Yeah, this is the kind of thing that Eliezer Yudkowsky is kind of right about. You have a draw a clear line about what advice you are going to be taking from any kind of AI whatsoever, otherwise it's really confusing to people why this time was fine because the AI is not "general" but in some unspecified future time it's not okay. Especially if you want to tell people that some future IA will kill everyone with synthetic biology.
> Yeah, this is the kind of thing that Eliezer Yudkowsky is kind of right about.
I find it very hard to take him seriously or assign him any credibility with how he acted regarding the whole "Roko's basilisk" thing, not to mention some of his views just seem plain nuts to me.
I agree, but that does not mean everything he says is wrong. I think the public having clear expectations of AIs and how they interact with them is important in general.
I have no fear of mRNA vaccines nor LLM "AI"'s but I agree with your point that large numbers of people will strongly react to the notion of "AI created gene altering vaccines" etc.

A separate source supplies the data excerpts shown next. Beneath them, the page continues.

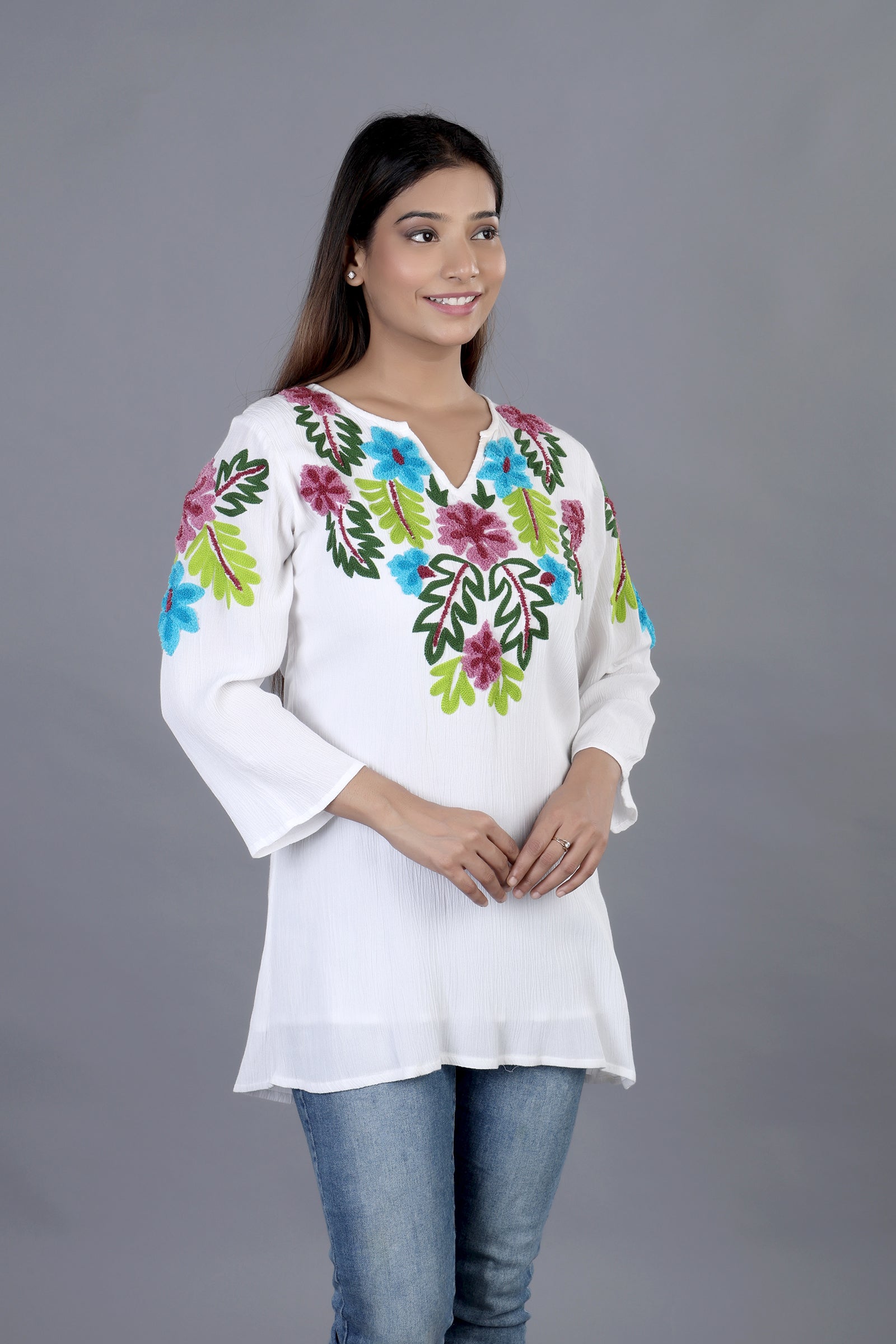 •White Embroidered Tunic- Confused about what to wear in summers? Choose White color chart over anything else. This  White tunic with traditional multihued thread embroidery all over looks amazingly good.  The Broad V neck helps hiding your flaws effortlessly.
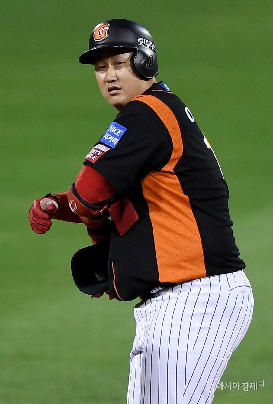 [창원=아시아경제 김현민 기자]프로야구 롯데 자이언츠와 NC 다이노스이 2017 KBO리그 준플레이오프 3차전이 11일 창원 마산야구장에서 열렸다. 2회초 롯데 선두타자 이대호가 우측 담장을 맞추는 2루타를 치고 출루하고 있다. 김현민 기자 kimhyun81@asiae.co.kr<ⓒ세계를 보는 창 경제를 보는 눈, 아시아경제(www.asiae.co.kr) 무단전재 배포금지>
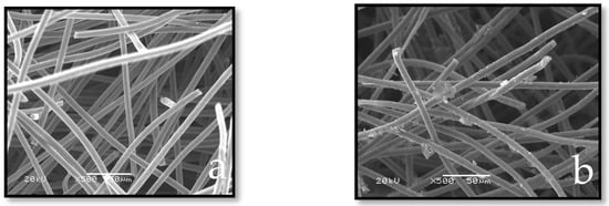 The morphological characteristics of the prepared electrodes were investigated using scanning electron microscopy at multiple magnification levels. It was observed that macro pores, cracks, collapsed filaments, or any other macroscopic surface impairment were absent, and large numbers of smooth and clean carbon fibers were observed on untreated carbon felts (Figure 3a). In addition, the SEM image of oxidized carbon felt resulted in a rough surface compared to the simple smooth surface of the untreated electrode. A clear, visible, scattered, and rough oxidized carbon surface enhances the overall surface area for microbial adhesion (Figure 3b).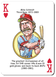 The Philadelphia Baseball Hero Deck playing cards for Philadelphia Phillies fans feature fifty-two of the greatest players by position and era in Philadelphia Phillies baseball history. Thoughtfully organized by position using baseball numerology, the face of each playing card is colorfully illustrated with a different hero ... this deck is sure to be a HOME RUN with Phillies fans of all ages!

The future will clearly be a dystopian hellscape populated by people looking as if drawn by DALL-E. /s
I don’t specifically know about the US experience, but mass covid vaccination didn’t appear to be all that easy to achieve where I live. It required an overwhelming government information campaign, removal of the ability to engage in many activities if unvaccinated, multiple “lockdowns” and the threat of mandating compliance. I almost wonder that anyone managed to get through all of that when refusing the vaccine.
I'd say more than 81% generally comply with the law. Given the extreme measures employed to "get" people to take it, that might be a closer comparison than whatever it is you're imagining comparing this to.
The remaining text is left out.